Power Transmitted Along The String MCQ - Practice Questions with Answers

As a sinusoidal wave moves down a string, the energy associated with one wavelength on the string is transported down the string at the propagation velocity v.
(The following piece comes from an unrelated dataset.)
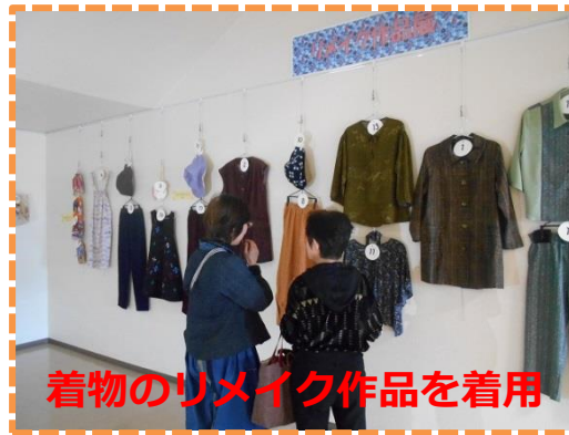
着物のリメイク作品を着用

From the basic wave relationship the distance traveled in one period is vT = λ, so the energy is transported one wavelength per period of the oscillation.

The energy associated with one wavelength of the wave is:

$$
E_\lambda=\frac{1}{2} \mu \omega^2 A^2 \lambda
$$

so the power transmitted would be :

$$
\begin{aligned}
& P_\lambda=\frac{1}{2} \mu \omega^2 A^2 \frac{\lambda}{T} \\
& \text { since } v=\frac{\lambda}{T}
\end{aligned}
$$

Therefore $P_\lambda=\frac{1}{2} \mu \omega^2 A^2 v$
where $\omega=$ angular frequency,$\mu=$ mass per unit length of string , $A=$ wave amplitude
$v=$ wave propagation velocity

The intensity of the wave-

The flow of energy per unit area of the cross-section of the string in the unit time is known as the intensity of the wave.

$$
\text { As } P=\frac{1}{2} \mu \omega^2 A^2 v
$$

$$
\text { And using } I=\frac{P}{\text { Area }}
$$

we get $I=\frac{\frac{1}{2} \mu \omega^2 A^2 v}{\text { Area }}$
using $\mu=\frac{\text { mass }}{\text { length }}=\frac{m}{l}$ and $V$ Volume $=$ Area $\times$ length
We get $I=\frac{\frac{1}{2} m \omega^2 A^2 v}{\text { length } \times \text { Area }}=\frac{\frac{1}{2} m \omega^2 A^2 v}{\text { Volume }}$
And now using $\rho=\frac{\text { mass }}{\text { volume }}$
we get $I=\frac{1}{2} \rho \omega^2 A^2 v$

Where,

$\rho=$ density
$\omega=$ angular frequency
$A=$ Amplitude
$v=$ Wave speed